Data items
============

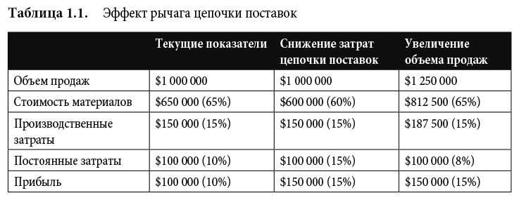 Поскольку затраты цепи поставок составляют значительную часть объема продаж компании, несложно догадаться, почему этой деятельности уделяется такое внимание. В результате возникает эффект рычага: каждый доллар, сэкономленный на цепочке поставок, отражается в конечном итоге в пропорциональном, а порой и гораздо более высоком увеличении доходов от продаж (зависит от прибыльности конкретной компании).
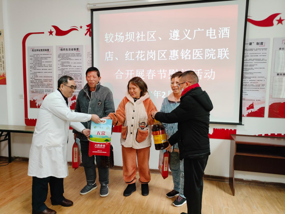 情暖初春,爱在惠铭:新春慰问暖人心 当时光的车轮碾过岁末的轨迹,老街巷里的年味儿便在不知不觉中悄然弥漫。在这个充满期盼与团聚的节点,较场坝社区联合遵义广电酒店、红花岗区惠铭医院,共同发起了一场以“情暖社区,迎春送福”为主题的春节走访慰问公益活动,将最温润的关怀送进千家万户。
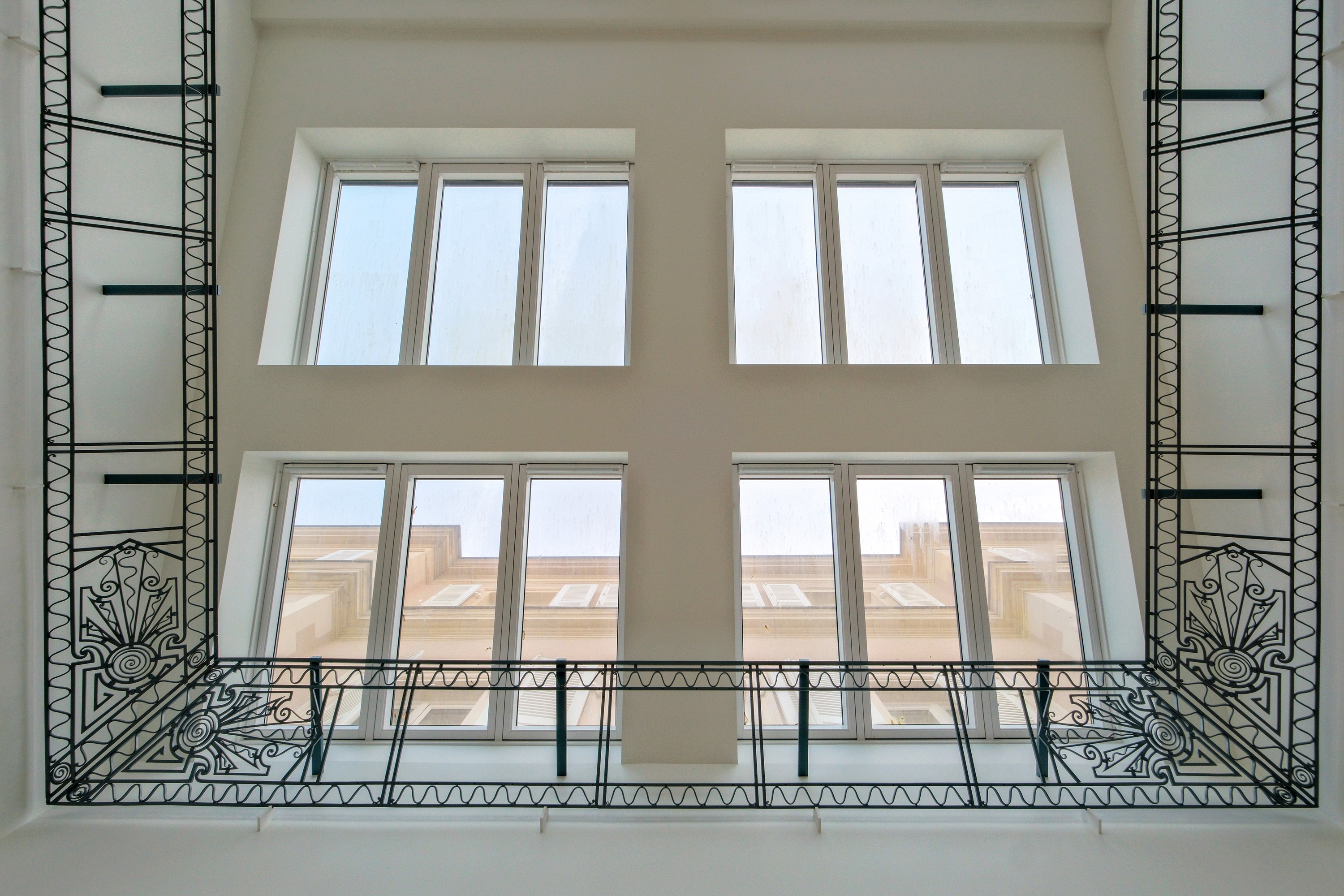 Un second puit de lumière, à la jonction entre immeuble d’origine et l’extension de 1924 est également ouvert pour réaliser un patio. Les deux autres puits de lumière ont été condamnés au profit de généreuses terrasses privatives au 1er étage.
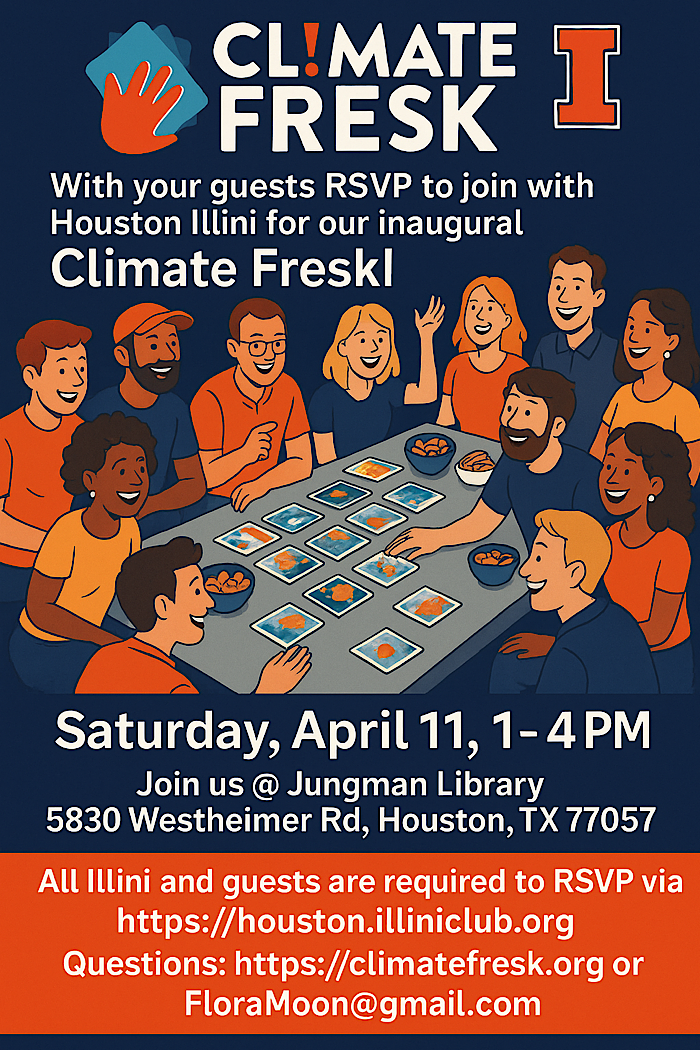 What: Join us at Jungman Library (to be confirmed) on Saturday, April 11 at 1:00 PM for our inaugural Climate Fresk! The Houston Illini Club is excited to host this event as we celebrate Earth Day in April. Climate Fresk is a fun, interactive group card game that leverages players’ knowledge to help participants learn about climate science. The game requires no prior knowledge and is accessible and engaging for all. This hands-on approach avoids overwhelming data and clarifies complex topics.
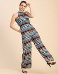 Halter Neck Full Leg Printed Rayon Jumpsuit
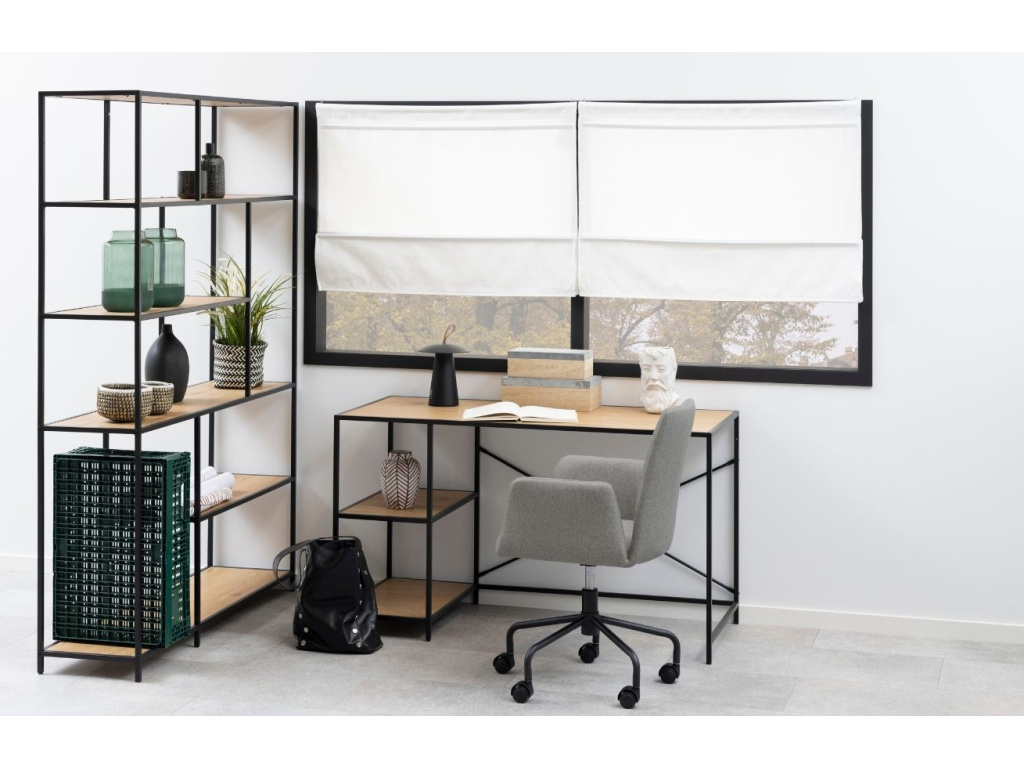 Vysoce moderní dubový regál Darila dodá vašemu interiéru na originalitě a jedinečnosti. Produkt má velmi zajímavě řešenou konstrukci, která je specifická kovovým provedením. Police z laminátu v dubovém dekoru působí vzdušně a stolu dodá na atraktivitě a odolnosti. Regál disponuje 8 praktickými policemi různých šířek a výšek, kam vejde spousta dekorací, knížek či dalšího inventáře. Doporučujeme kombinaci více druhů nábytku z kolekce Darila.

============

• Exercise description
Do not include pictures. Copy only the lines running from the line with "Un second puit" through the last line of the records, exactly as they appear.

• Answer below
 Un second puit de lumière, à la jonction entre immeuble d’origine et l’extension de 1924 est également ouvert pour réaliser un patio. Les deux autres puits de lumière ont été condamnés au profit de généreuses terrasses privatives au 1er étage.
 What: Join us at Jungman Library (to be confirmed) on Saturday, April 11 at 1:00 PM for our inaugural Climate Fresk! The Houston Illini Club is excited to host this event as we celebrate Earth Day in April. Climate Fresk is a fun, interactive group card game that leverages players’ knowledge to help participants learn about climate science. The game requires no prior knowledge and is accessible and engaging for all. This hands-on approach avoids overwhelming data and clarifies complex topics.
 Halter Neck Full Leg Printed Rayon Jumpsuit
 Vysoce moderní dubový regál Darila dodá vašemu interiéru na originalitě a jedinečnosti. Produkt má velmi zajímavě řešenou konstrukci, která je specifická kovovým provedením. Police z laminátu v dubovém dekoru působí vzdušně a stolu dodá na atraktivitě a odolnosti. Regál disponuje 8 praktickými policemi různých šířek a výšek, kam vejde spousta dekorací, knížek či dalšího inventáře. Doporučujeme kombinaci více druhů nábytku z kolekce Darila.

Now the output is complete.